Le point fort du jeu vient de son ambiance sonore. L’aspect de peur est construit autour des bruits ambiants. Le jour c’est bien, on entend les insectes, les oiseaux, etc, mais une fois la nuit tombée… isssssh, ça se complique. Tout est présent pour foutre la trouille. Les bruits de pas, Bullet qui aboie et qui semble avoir peur, les arbres qui craquent, chaque petit son, peut faire sursauter. La fameuse musique qui part quand les ennemis attaquent… hummm. En plus des voix que l’on entend et Carver… lui, il jouait son rôle parfaitement, mais me tombait royalement sur les nerfs, de manière positive. D’ailleurs le jeu des acteurs est superbe. On y croit vraiment. Bravo à Bloober Team, je n’avais jamais vécu une telle expérience avec un animal dans un jeu. Bullet réagissait comme un vrai chien et ses sons étaient tellement confondants. Je ne sais pas, si les développeurs ont utilisé la capture de mouvement pour Bullet, mais c’est du tout bon. Dernier conseil, jouez-y avec un casque d’écoute, c’est 100 fois mieux côté immersion.

Même des membres de Bloober Team semblent avoir disparus dans la forêt.
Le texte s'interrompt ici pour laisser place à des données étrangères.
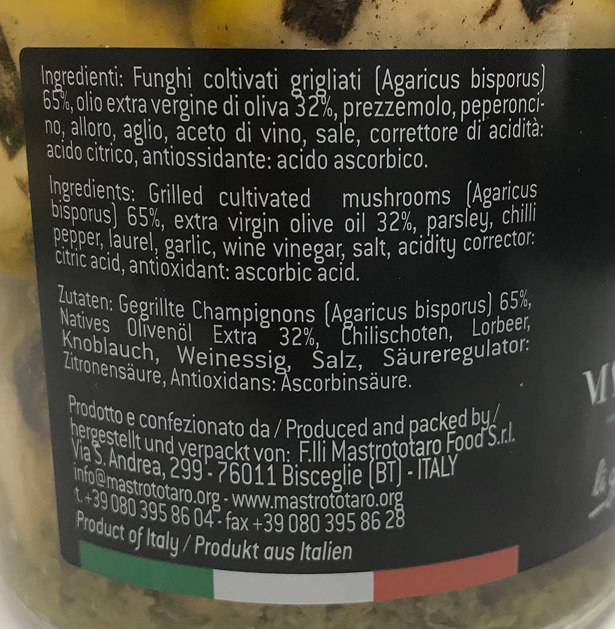 Funghi coltivati grigliati (Agaricus bisporus) 65%, olio di semi di girasole, olio extra vergine di oliva, prezzemolo, peperoncino, aglio, aceto di vino, sale, correttore di acidità: acido citrico, antiossidante: acido ascorbico.

Au final, étant offert au prix de près de 40$ ou faisant partie du Xbox Game Pass, je ne peux que vous recommander de le jouer, oui c’est sûr, mais également un achat. Ce jeu devient la référence en jeu d’horreur ni plus ni moins.

Cote FG: 9/10

Points positifs:

  • Exploitation parfaite de la licence Blair Witch.
  • Le scénario, on a envie de retrouver le jeune garçon.
  • Bullet et les mécaniques de jeu.
  • L’idée des cassettes vidéo.
  • Un graphisme convaincant.
  • Une ambiance hors norme.
  • Le prix: 40$ pour 10 heures de jeu, c’est parfait.

Points négatifs:

  • Quelques bogues graphiques sans plus.
  • Absence d’une carte pour s’orienter.

Fiche technique:

  • Développé par Bloober Team.
  • Publié par Lionsgate Games.
  • Jeu d’horreur à la troisième personne.
  • Mode solo seulement.
  • Disponible sur PC et Xbox One. (testé sur Xbox One X)
  • Offert en anglais avec sous-titres et menus en français.
  • Version téléchargeable uniquement.